Оправившись от первого потрясения, Ричард призвал на помощь силу воли. Если он не вмешается, вскоре все вокруг будут рыдать, а это недопустимо.

– Сначала разберемся с сундуками, – решительно заявил он. – Пока поставим их вертикально, прислонив к обшивке, – между ними хватит места, чтобы вытянуть ноги. Нам повезло, что все твердые предметы у нас в сундуках, а мешки набиты одеждой и тряпьем, – они и послужат нам подушками. – Пощупав жесткий тюфяк, на котором он сидел, Ричард передернулся. – Если одеял нам не дадут, будем греться, прижавшись друг к другу. Джимми, не плачь, прошу тебя. Слезами здесь не поможешь. – Ричард перевел взгляд на перегородку между его отсеком и отсеком Айка. – Если я сумею раздобыть отвертку и крючки, мы подвесим часть вещей к балке. Ну, выше нос! Мы выживем!

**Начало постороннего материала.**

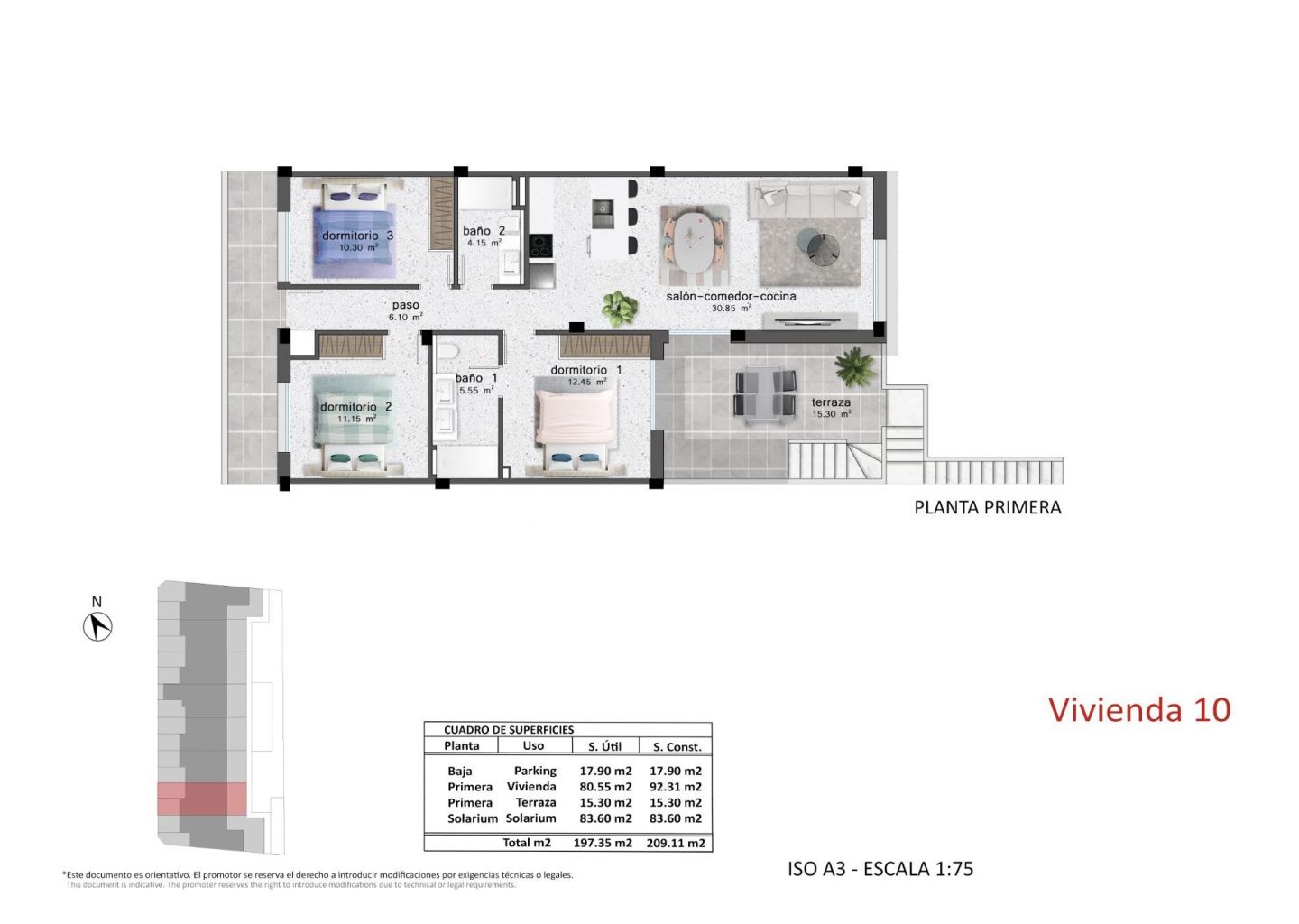 Cada bungalow incluye un salón-comedor luminoso y abierto y una cocina totalmente equipada con grandes puertas correderas que conectan a la perfección los espacios interiores y exteriores. Los dormitorios cuentan con armarios empotrados. El complejo dispone de aire acondicionado por conductos y ascensor para facilitar el acceso a las plantas superiores. También se incluyen plazas de aparcamiento privado para todas las unidades.
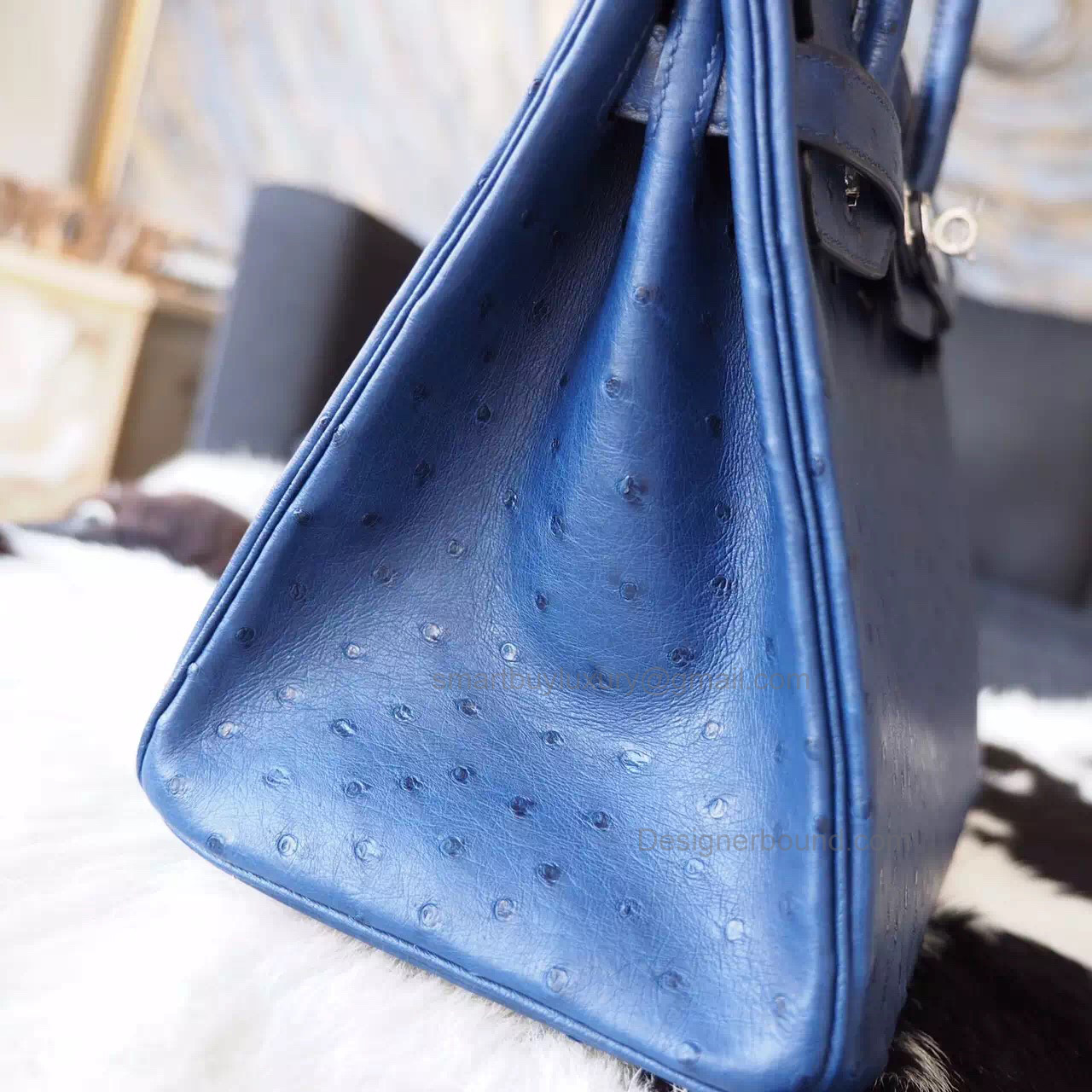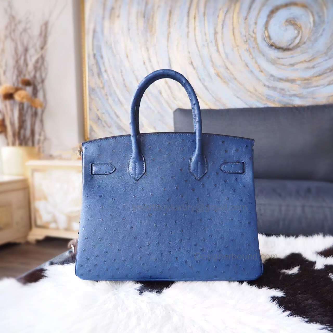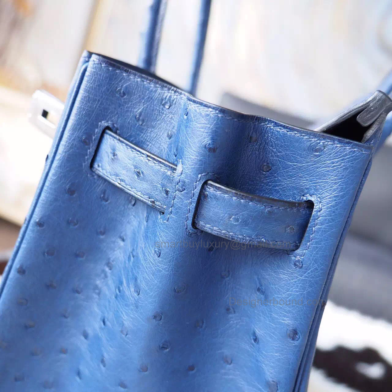 Hand Stitched Hermes Birkin 30 Bag in 7L Blue Malte Ostrich SHW
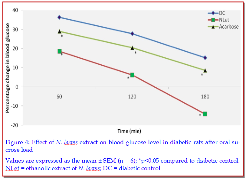 Owolabi OJ, Amaechina FC, Okoro M. Effect of ethanol leaf extract of Newbouldia laevis of blood glucose levels in diabetic rats. Tropical J Pharm Res. 2011; 10: 249-54.
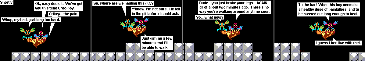 Dude... you just broke your legs... AGAIN... all of about two minutes ago. There's no way you're walking around anytime soon.
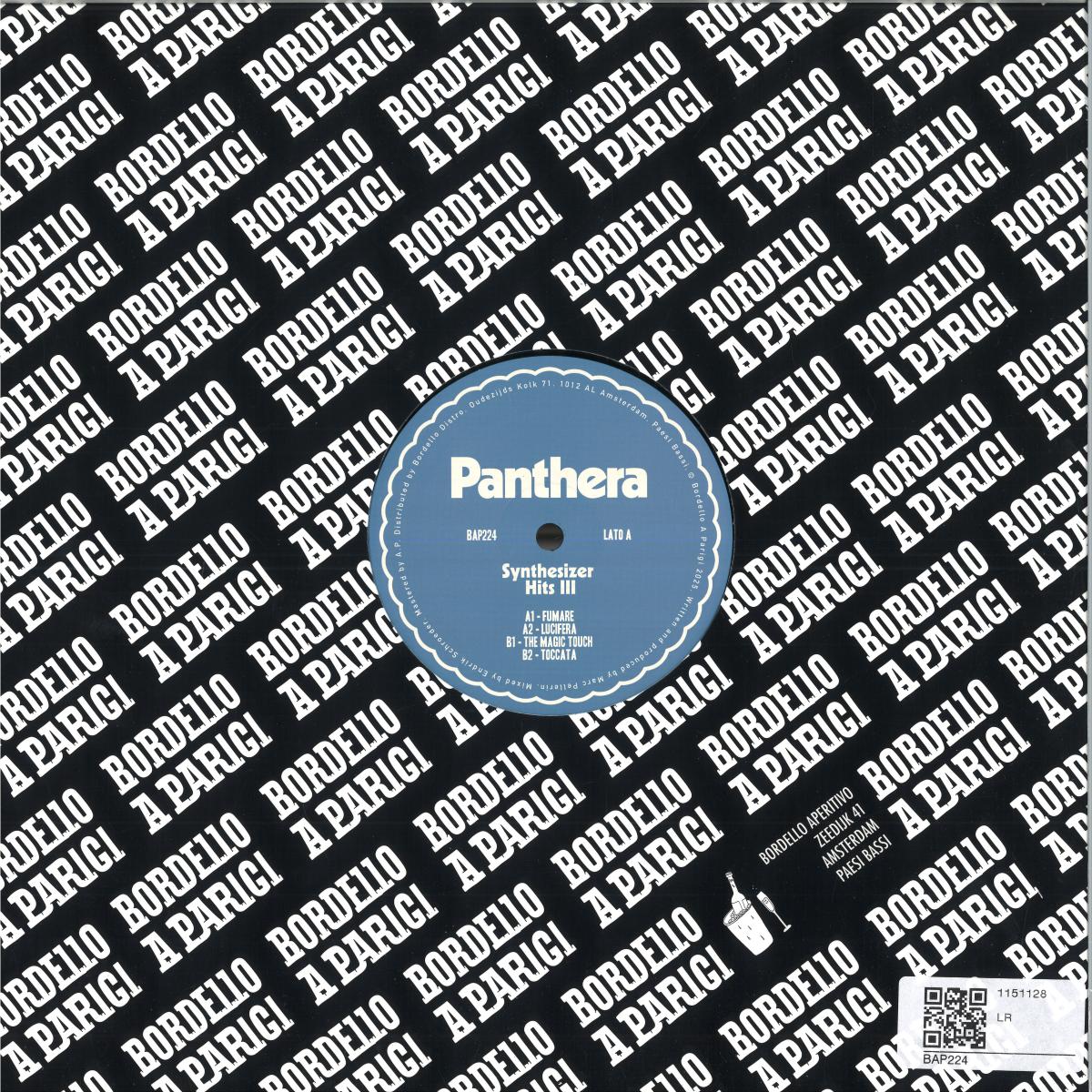 115Panthera is back at the Bordello with his most energy-packed release to date. Synthsizer Hits III is forged in the heat of Hi-NRG, the romance of italo and the daring synthesizer hooks of 1980s Europe. A thick rasping beat pounds above a juddering arpeggiator line before hedonistic surges ignite “Fumare”, an achingly addictive opener. Vocals are toyed with, used to increase the potency of the chosen machines and sounds. A circling chant infects “Lucifera” as a joyous melody takes hold of this modern Summer anthem, euphoric notes ushering in the dawn while speakers and strobe throb. There is a palpable power that permeates the 12”. “The Magic Touch” sends strings sailing skyward as rich percussive textures take root below. From this fertile ground, a sensational ode to the synthesizer flowers. Vocoder lyrics, pulsating rhythms and keys that are truly fantastical. “Toccata” finishes this analogue celebration. Slow burning with disco inflections, this finale soon shows its true colours. Daring counter melodies frolic, from the elegant and refined to the brash and broad, in this mirrorball inspired last dance.
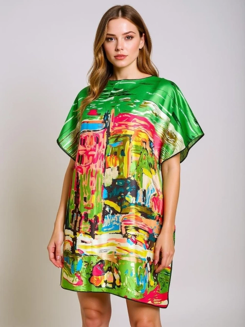 Цветное парео с художественным принтом отлично вписывается в актуальные тенденции моды resort wear. Яркие цвета и энергичные мотивы, вдохновленные художественной живописью, царят на показах летней моды. Эта модель позволяет выразить индивидуальность и привлекает внимание, подчеркивая естественное обаяние и женственный стиль.
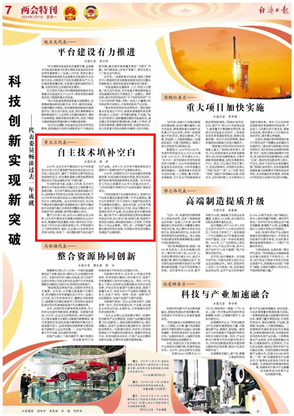 [经济日报]全国人大代表曹天兰:自主技术填补空白
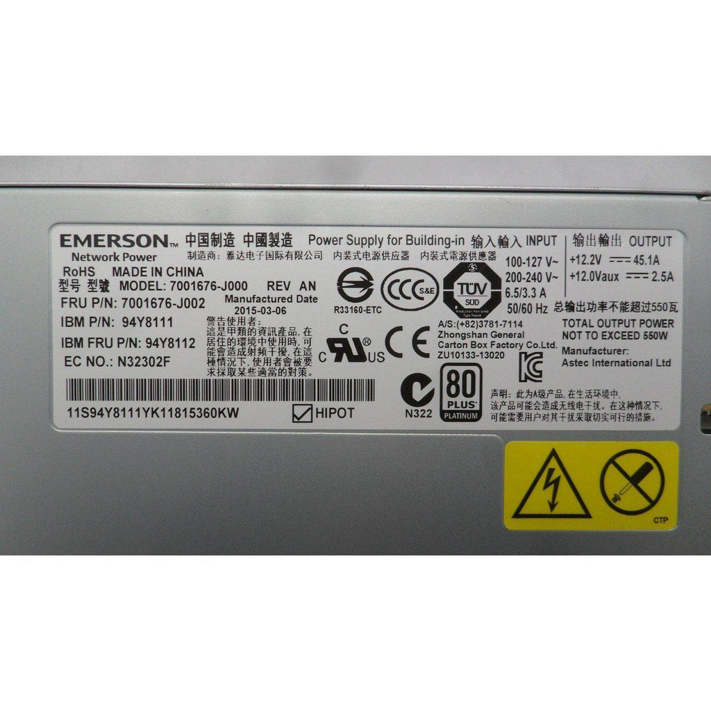 EMERSON System X3550 550W Power Supply 94Y8112 94Y8111 7001676-J002 7001676-J000

– Я хочу спать у стенки, – всхлипывая, заявил Джимми.

– Ни в коем случае! – поспешил возразить Уилл Коннелли. – Мы будем лежать головами к краю нар, чтобы свешиваться над полом. Не забывай: скоро мы выйдем в море, и всех одолеет морская болезнь.

Билл Уайтинг рассмеялся.

– Вы только подумайте, как нам повезло! Нас будет рвать на тех, кто лежит внизу, а над нами никого нет!

– Вот и славно, – подхватил Недди Перрот и свесился с нар. – Эй, Томми Краудер!

Краудер вскинул голову.

– Чего тебе?

– Мы будем блевать прямо на вас!

– Только попробуй, и я сам отделаю тебя!

– Кстати, – продолжал Ричард, прервав опасный разговор товарищей, – вся балка свободна – до самого правого борта. Попробуем превратить ее в полку для лишних вещей – для сундуков, мешков с книгами и запасных фильтров. Похоже, сержант Найт не откажется от лишней пинты рома, а мы попытаемся выменять на ром доски, скобы и веревки. Ничего, ребята, мы справимся!

– Ты прав, Ричард, – отозвался Айк, выглядывая из-за перегородки. – Мы справимся. Это лучше, чем воровать и мошенничать.

– Тем более что воров рано или поздно ждет петля. А нам еще улыбнется удача, – пообещал Ричард, радуясь, что его слышат Айк и его товарищи.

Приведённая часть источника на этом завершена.